* [PROBLEM DESCRIPTION] Look in the data below for the line that has "Our bouquet offers", then print exactly every line from there through the line that has "Ce jour-là, à", leaving pictures out.

* [DATA SHOWN]
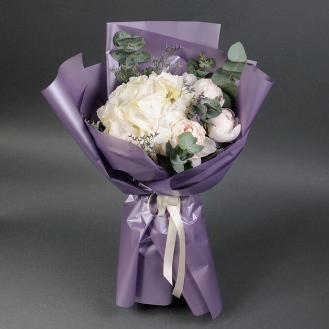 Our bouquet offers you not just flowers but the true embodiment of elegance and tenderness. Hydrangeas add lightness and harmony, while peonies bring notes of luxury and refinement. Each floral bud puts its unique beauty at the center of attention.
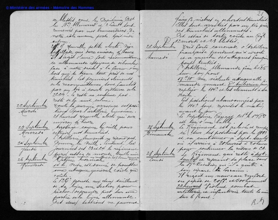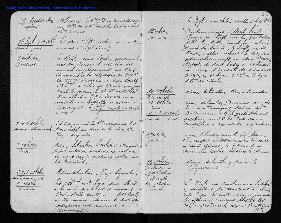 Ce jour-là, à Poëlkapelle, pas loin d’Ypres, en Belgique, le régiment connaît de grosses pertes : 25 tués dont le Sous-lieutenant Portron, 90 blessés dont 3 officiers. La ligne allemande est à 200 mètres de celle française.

--

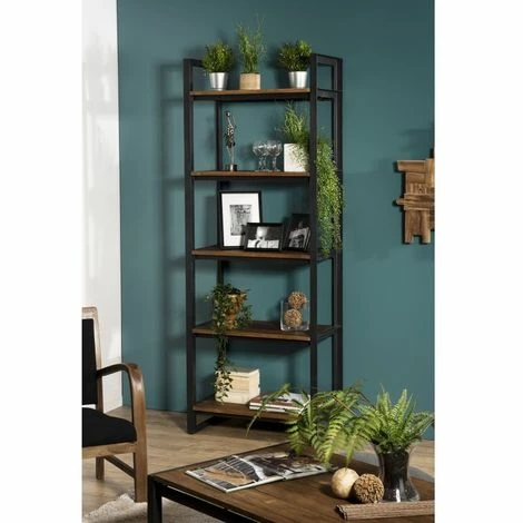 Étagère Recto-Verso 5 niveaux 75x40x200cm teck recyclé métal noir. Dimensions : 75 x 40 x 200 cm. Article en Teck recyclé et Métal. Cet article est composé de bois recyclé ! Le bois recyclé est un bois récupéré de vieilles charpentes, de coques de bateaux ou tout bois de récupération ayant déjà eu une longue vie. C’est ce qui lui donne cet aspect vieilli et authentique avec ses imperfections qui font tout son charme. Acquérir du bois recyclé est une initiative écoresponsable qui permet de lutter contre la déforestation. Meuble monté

* [EXERCISE RESPONSE]
 Our bouquet offers you not just flowers but the true embodiment of elegance and tenderness. Hydrangeas add lightness and harmony, while peonies bring notes of luxury and refinement. Each floral bud puts its unique beauty at the center of attention.
 Ce jour-là, à Poëlkapelle, pas loin d’Ypres, en Belgique, le régiment connaît de grosses pertes : 25 tués dont le Sous-lieutenant Portron, 90 blessés dont 3 officiers. La ligne allemande est à 200 mètres de celle française.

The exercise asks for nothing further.